This is a simple client/master/worker system for distributing Python jobs in a cluster. It is my third attempt (after clusterfutures and execnet-futures) to build a comfortable system for running huge, parallel jobs in Python.
As with something like Hadoop, there are three distinct machine roles in cluster-workers. Workers run jobs; you typically run one of these per core or per machine. The client produces the jobs; it's your main program that you're aiming to offload work from. The master maintains connections to the workers and the client; it is responsible for routing jobs and responses between the other nodes.
It's certainly possible for multiple clients to share the same master, but fairness enforcement is currently pretty simplistic (FIFO). The distinction between the master and the client is primarily to avoid needing to spin up new workers for every new task you want to run. This way, you can allocate nodes to do your work and leave them running while you run various client programs.
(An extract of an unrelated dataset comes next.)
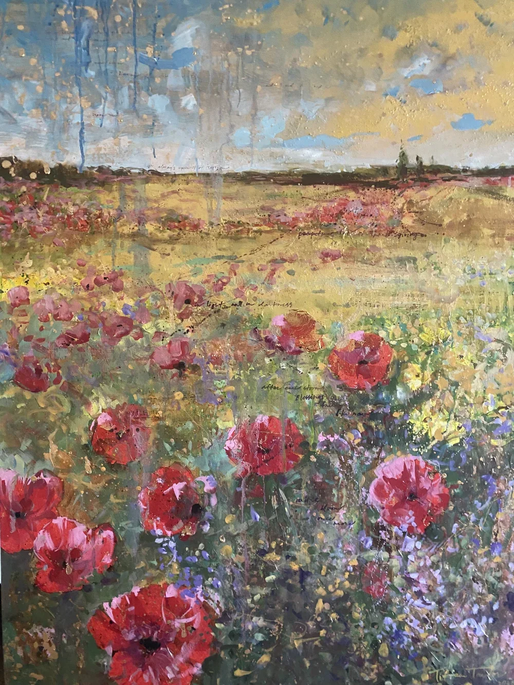 ARTWORK STATEMENT: This painting was created from memories of meditation in nature. The flowers are a combination of the poppies of my youth, as well as the blooms I meditated upon in both France and Italy. This is a work of hope, that despite external circumstances, we can look for peace within and keep hope in our hearts even during adversity. Hope, always hope, on the horizon...

You can add and remove workers at your leisure whether a client is running or not.
The advantage over clusterfutures is that the cluster management infrastructure is not involved with the inner loop. On a SLURM cluster, for example, each new call would require a new SLURM job. If the cluster failed to start one job, clusterfutures had no way of knowing this and would wait forever for the job to complete. With cluster-workers, SLURM is only involved "offline" and cannot hold up the actual task execution.
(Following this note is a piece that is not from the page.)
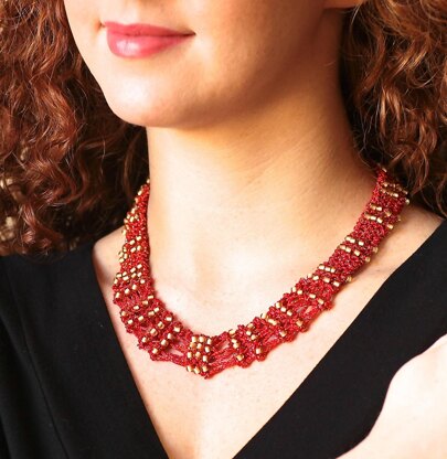 The Charlotte Necklace is a lacy textured design, knit with luxurious Katia Gatsby yarn, adorned with sparkling glass beads, and fastened with a toggle clasp.

Documentation is currently sparse. But take a look at the square.py example in the examples directory for a quick introduction. Here's the gist of how things work:
- Start a master process with python -m cw.master.
- Start lots of workers with python -m cw.worker [HOST]. Provide the hostname of the master (or omit it if the master is on the same host).
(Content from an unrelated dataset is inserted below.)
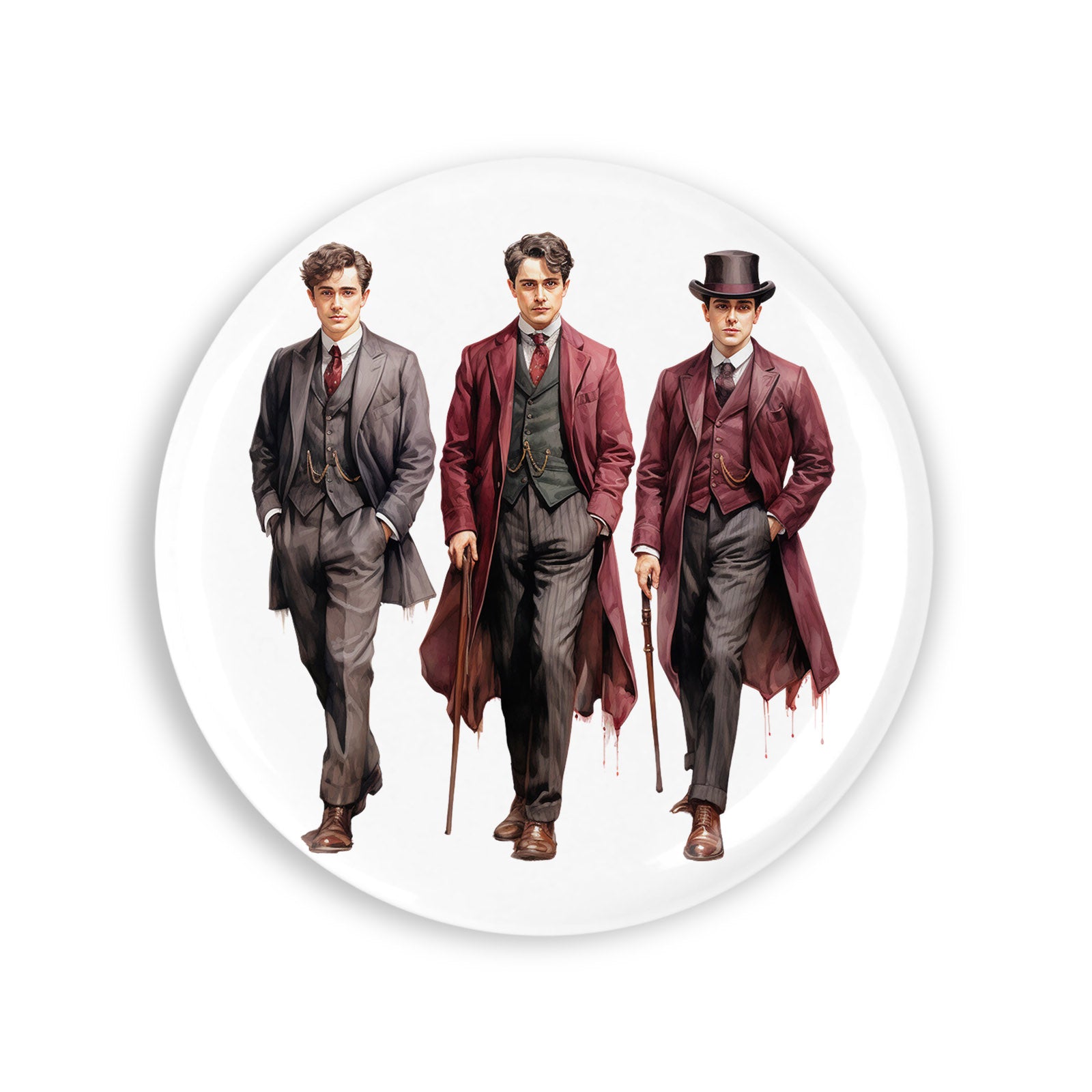 - Set 4 insigne, Moda victoriana barbati in costume rosu maro, NO1239, Metal, 44 mm, Multicolor

- In your client program, start a ClientThread. The constructor takes a callback function and the master hostname (the default is again localhost). Call the submit method to send jobs and wait for callbacks.
There's also a ClusterExecutor class that lets you use Python's concurrent.futures module as a more convenient way to start jobs. This may be untenable, however, if your task has a lot of jobs and a lot of data because of the way futures must persist in memory.
SLURM is a cluster management system for Linux. This package contains a few niceties for running jobs on a SLURM cluster.
The slurm.py script lets you run SLURM jobs for your master and workers. Just run ./slurm.py -n NWORKERS start to kick off a master job and a bunch of worker jobs.
Then, use cw.slurm_master_host() in your client programs to automatically find the host of the master to connect to. Pass this to the ClientThread constructor.
For testing and small jobs, you may want to run a cluster-workers program on a single multiprocessor machine. The included mp.py script works like slurm.py but starts the master and workers on the local machine.